A bollard is a sturdy, short, vertical post. Although it originally described a post on a ship or quay used principally for mooring boats, the word is now used to describe posts installed to control road traffic and posts designed to prevent ram raiding and car ramming attacks.
The term is probably related to bole, meaning a tree trunk. The earliest citation given by the Oxford English Dictionary (referring to a maritime bollard) dates from 1844, although a reference in the Caledonian Mercury in 1817 describes bollards as huge posts. Previously, simpler terms such as "post" appear to have been used. The Norman-French name "Boulard" (still often found in Normandy) may be related.
From the 17th and 18th centuries, old cannon were often used as bollards on quaysides to help moor ships alongside. The cannon would be buried in the ground muzzle-first to approximately half or two-thirds of their length, leaving the breech (rear end) projecting above ground for attaching ropes. Such cannon can still occasionally be found. Ninteenth-century bollards were purpose-made, but often inherited a very similar "cannon" shape.

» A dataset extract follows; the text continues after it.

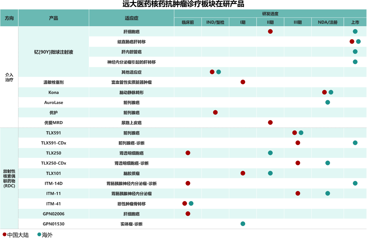 产品管线方面,远大医药是进入中国III期临床研究中诊断和治疗类RDC创新药总计储备最多的企业,也是全球范围内在核药抗肿瘤领域拥有最丰富产品管线和诊疗一体化布局的创新药企之一。目前,公司在研发注册阶段已储备16款创新产品,涵盖68Ga、177Lu、131I、90Y、89Zr在内的5种放射性核素,覆盖了肝癌、前列腺癌、脑癌等在内的7个癌种;早期研发阶段以RDC药物为主,产品储备10余款。在产品种类方面,涵盖诊断和治疗两类核素药物,为患者提供多适应症治疗选择、多手段且诊疗一体化的全球领先的抗肿瘤方案。

Wooden posts were used for basic traffic management from at least the beginning of the 18th century. An early well-documented case is that of the "two oak-posts" set up next to the medieval Eleanor cross at Waltham Cross, Hertfordshire, in 1721, at the expense of the Society of Antiquaries of London, "to secure Waltham Cross from injury by Carriages". Similar posts can be seen in many historic paintings and engravings.
In the Netherlands, the Amsterdammertjes of Amsterdam were first erected in the 19th century. They became popular symbols of the city, but they are now gradually being removed and replaced with elevated sidewalks.